We must, of course, do more to coordinate our economic policies more effectively, consolidate our social model and create a single area of freedom, security and justice. But first of all, we must explain ever more clearly to our citizens all the benefits which the Union already offers them, all the guarantees it provides, how it protects them and improves their lives. We must explain to them in simple terms how it works. We marshalled all the resources required to do this in connection with the euro. Its appearance in the form of notes and coins will radically alter our citizens’ attitudes and habits. It will prompt them to think and act as Europeans in their everyday lives. We are preparing actively for this genuine cultural revolution and the transition to the euro has been accepted so readily by our peoples because we gave ourselves the means to explain its implications and ensure that they were understood.
We must adopt the same approach and implement a broader range of information campaigns in order to ensure that the European project as a whole, our institutions and our policies are better understood. The budget resources needed will have to be released. We will also have to mobilise the efforts of all our political leaders and you, who have been elected by universal suffrage, will have to be in the vanguard and show the way. But if we are to secure the support of all our citizens, ladies and gentlemen, we must also be capable of making the dream of Europe a reality. We must create a citizens’ Europe in which each individual gradually comes to see that he or she has a role to play. We must create a common identity which is respectful of national identities, respectful of the peoples who make up the Union, respectful of their languages and cultures. Our peoples do not wish to be swallowed up by Europe. Quite the reverse: through Europe, they want to give new meaning to their existence. We have a duty to build this great common house in which each individual nevertheless feels at home. A house in which everyone lives together, in a spirit of solidarity, but in which each individual retains his or her identity.
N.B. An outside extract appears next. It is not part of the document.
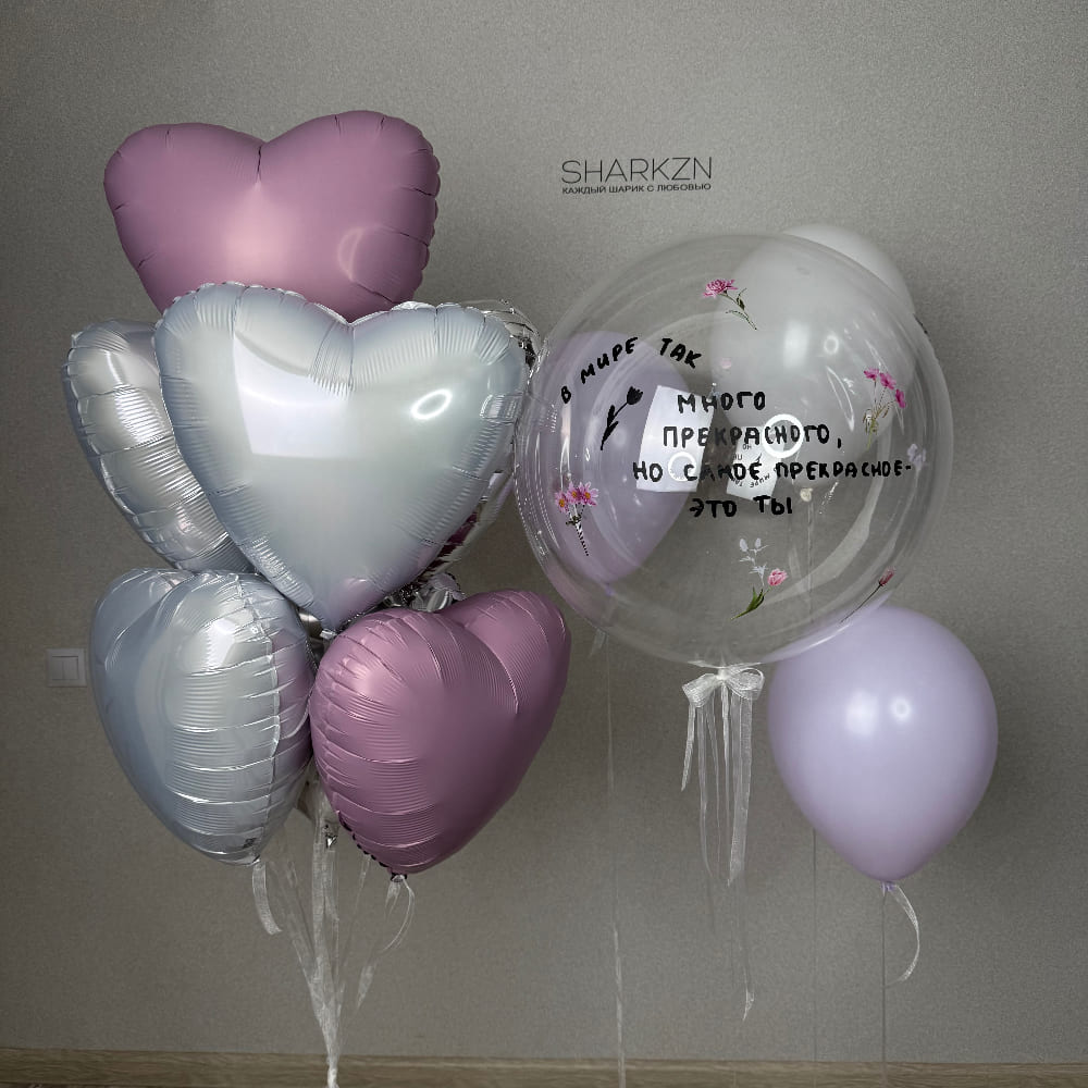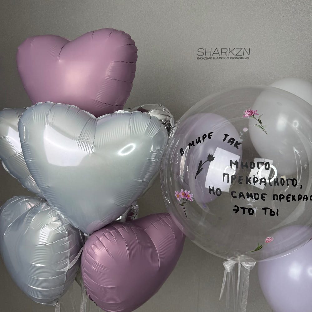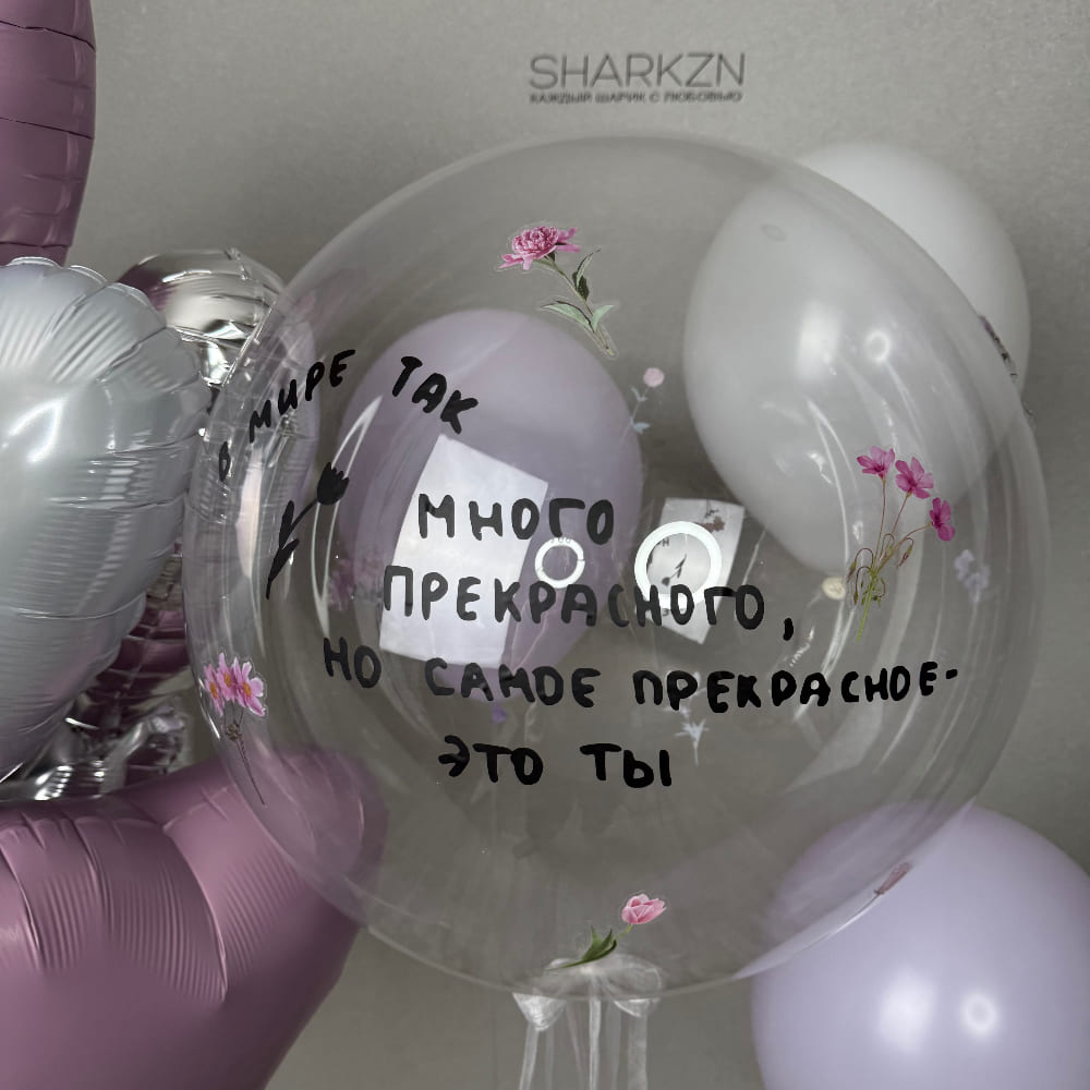 В центре этой композиции — большой прозрачный баблс, украшенный нежными рисунками и той самой трогательной надписью. Вокруг него мы создаем целый водопад из фольгированных сердец и воздушных шаров. Это создает эффект, будто весь мир подтверждает слова, написанные на баблсе.

We shall secure that support by stressing what we hold in common: a certain concept of mankind and of its freedom, dignity and rights, a social model springing from our common history and based on a tradition of collective bargaining, protection against the ups and downs of life and a State which acts as a guarantor of social cohesion. This is why France wishes to see the European Union Charter of Fundamental Rights adopted during its Presidency. Your Parliament will play a vital part in its drafting, alongside the Member States and national parliaments. The Charter, setting out rights and obligations, will provide the framework, the references and the substance of European citizenship.
European citizenship also means a similar attachment to our own identities and histories, and a long tradition of links between our national cultures, thinkers and artists; this is a tradition which goes back to the Middle Ages and which gave us humanism – in short, everything which underpins our European civilisation. We must never forget that Europe took root in the soil of the human spirit. That is the Europe that we must nourish and encourage to grow, so as to make Europe loved, especially by our young people.
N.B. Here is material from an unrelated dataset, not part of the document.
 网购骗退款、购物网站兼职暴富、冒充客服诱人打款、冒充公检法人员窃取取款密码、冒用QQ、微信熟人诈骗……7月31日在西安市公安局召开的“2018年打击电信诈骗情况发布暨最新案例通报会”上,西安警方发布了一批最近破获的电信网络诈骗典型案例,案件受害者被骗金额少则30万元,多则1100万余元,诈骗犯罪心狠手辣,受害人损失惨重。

This is why France will give priority, during its Presidency, to education and knowledge, and to exchanges between universities and laboratories, so as to enable young people, students, researchers or technicians, young graduates seeking work or young workers to widen their horizons to embrace the whole of Europe. To that end, France will present to its partners an ambitious practical programme for encouraging mobility. We must help the new generations to develop their European consciousness.
Madam President, ladies and gentlemen, you are the parliamentarians who will usher Europe into the next millennium. It is you who, together with the Member States and the Commission, will prepare Europe to face the great challenges of the future. Let us beware of tracing out today the contours of a finished Europe. Europe is a project, but it is also a process. Even the boldest of the founding fathers did not imagine the euro. Let us measure with pride the road that we have travelled, and reflect together on our ambitions for tomorrow.
Our history, together with the Renaissance, makes this incumbent upon us; over five centuries Europe developed a dazzling civilisation, and then the shock of excessive nationalism and the radical negation of our values led our continent, and the world, into two dreadful wars which broke Europe and destroyed it. For 50 years, we have doggedly and successfully been creating the conditions for a new European renaissance. Europeans must now learn to reconcile their history and their geography. For 40 years the European Union had no need to determine its frontiers: they were imposed on it by the Warsaw Pact's tanks along the Iron Curtain.
By opening up to 13 candidate countries which will later be joined, I hope, by those of the western Balkans, the Union is affirming its mission to gather together the whole European family. This is highly ambitious. I would ask those who criticise Europe's leaders for sometimes lacking courage and ambition to reflect for a few minutes on the challenge constituted by the gradual, vital integration into the European Union of some 200 million men and women from around 20 countries.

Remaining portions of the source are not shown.